Sonja Peltzer-Montfort - Schriftführerin

Beim Herbsttreffen Ende September im Freilichtmuseum Lindlar wurde ich von der Mitgliederversammlung zur Schriftführerin in den Vorstand gewählt; ein Grund, mich an dieser Stelle kurz vorzustellen.

1966 wurde ich in Frankfurt/Main geboren. Es waren vor allem die Wochenendausflüge mit meinen Eltern und Geschwistern in den Taunus oder Odenwald, die mich alte Bausubstanz, hauptsächlich in Form von Burgen und Schlössern zu bestaunen lehrten. Auch Streuobstwiesen und Fachwerkdörfer im hessischen Umland hatten es mir sehr angetan. Als Kind erträumte ich mir ein Leben auf dem Land. Ginnheim, der Frankfurter Stadtteil in dem ich aufwuchs, wies zu meiner Kindheit in den frühen 70er Jahren noch deutlich dörfliche Strukturen auf; auch hatten wir einen Garten mit Apfelbaum und Hängematte, doch bis ich tatsächlich mal auf dem Land in einem richtigen Dorf wohnen sollte, dauerte es noch ein paar Jahrzehnte – wohl auch, weil dieser Wunsch in den Folgejahren nicht mehr so ausgeprägt war.

Von Frankfurt ging ich zum Studium der Anglistik und Romanistik nach Heidelberg. Studienaufenthalte in den wunderbar alten Städten Cambridge und Montpellier halfen mir, den Weg zu ebnen zu einer spannenden Tätigkeit in Brüssel, wo ich zehn Jahre für das Demokratisierungs- und Menschenrechts-Programm der Europäischen Kommission arbeitete.

Unsere drei Mädels wurden geboren, wir schauten uns nach beschaulicheren Lebensumständen um und zogen 2003 nach Groß Twülpstedt im Landkreis Helmstedt.

Hier hatten wir das Glück, die alte Dorfschule kaufen zu können, die 1860 aus Velpker Sandstein gebaut worden war. Letzterer wurde bis in die 80er Jahre des letzten Jahrhunderts abgebaut, nun findet man noch Reste im Wald, der sogenannten Velpker Schweiz.
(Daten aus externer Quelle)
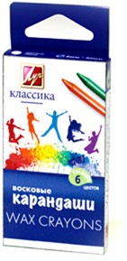 Карандаши восковые «Классика» изготовлены на основе полимерных восков и высококачественных пигментов. При рисовании дают яркий и ровный штрих. Имеют классическую круглую форму. Карандаши прочные и не требуют заточки. Размер карандашей 8*90 мм. Выпускаются в картонной коробке с европодвесом, предназначены для рисования и письма по бумаге, картону, дереву.

Bis dahin hatten wir nur in unserer Freizeit mit Denkmälern zu tun gehabt, also zum Beispiel bei Tagen des Offenen Denkmals, die europaweit stattfinden, also auch in Belgien; nun stellte uns das eigene Denkmal vor große Herausforderungen.

Glücklicherweise stand uns die Untere Denkmalbehörde des Landkreises mit nützlichen Ratschlägen zur Seite und auch der ein oder andere Handwerker half uns auf die Sprünge.

Auf der Suche nach einer „Landhausküche“ – und da gehen die Vorstellungen anscheinend meilenweit auseinander, was man sich darunter vorstellen kann – fand ich eine Tischlerin, die mich für ein Praktikum aufnahm und mit der ich gemeinsam die Küche planen konnte, wie ich sie mir vorstellte, z.B. mit – wenn auch neuen – „alten“ Beschlägen, mit einem Kindertreppchen zur Spüle hoch, unter welches sich der Wasserkasten auf einem Rollbrett verbirgt und vor allem ohne häßliche Scharniere. Die Tischlerin (und Restauratorin) war Irmela Wrede, die mir 2004 meinen ersten Holznagel in die Hand drückte. Ich wurde IgB-Mitglied, las lange Jahre begeistert den Holznagel und besuchte die Leipziger Denkmalmesse bis mein Mann Oliver und ich im Frühjahr 2018 erstmals zu einem IgB-Treffen ins Wendland fuhren. Zu diesem beglückenden Erlebnis kam kurz danach die Aufnahme bei der Gifhorner IgB Gruppe, die Teilnahme an der Fortbildung für Niedersächsische Kontaktstellen …, vieles soll folgen.

Mittlerweile ist die 4-köpfige Brut ziemlich groß, neue Zeitfenster entstehen und ich freue mich sehr auf die gemeinschaftliche Arbeit im Vorstand und mit all den engagierten, inspirierenden Menschen in der IgB.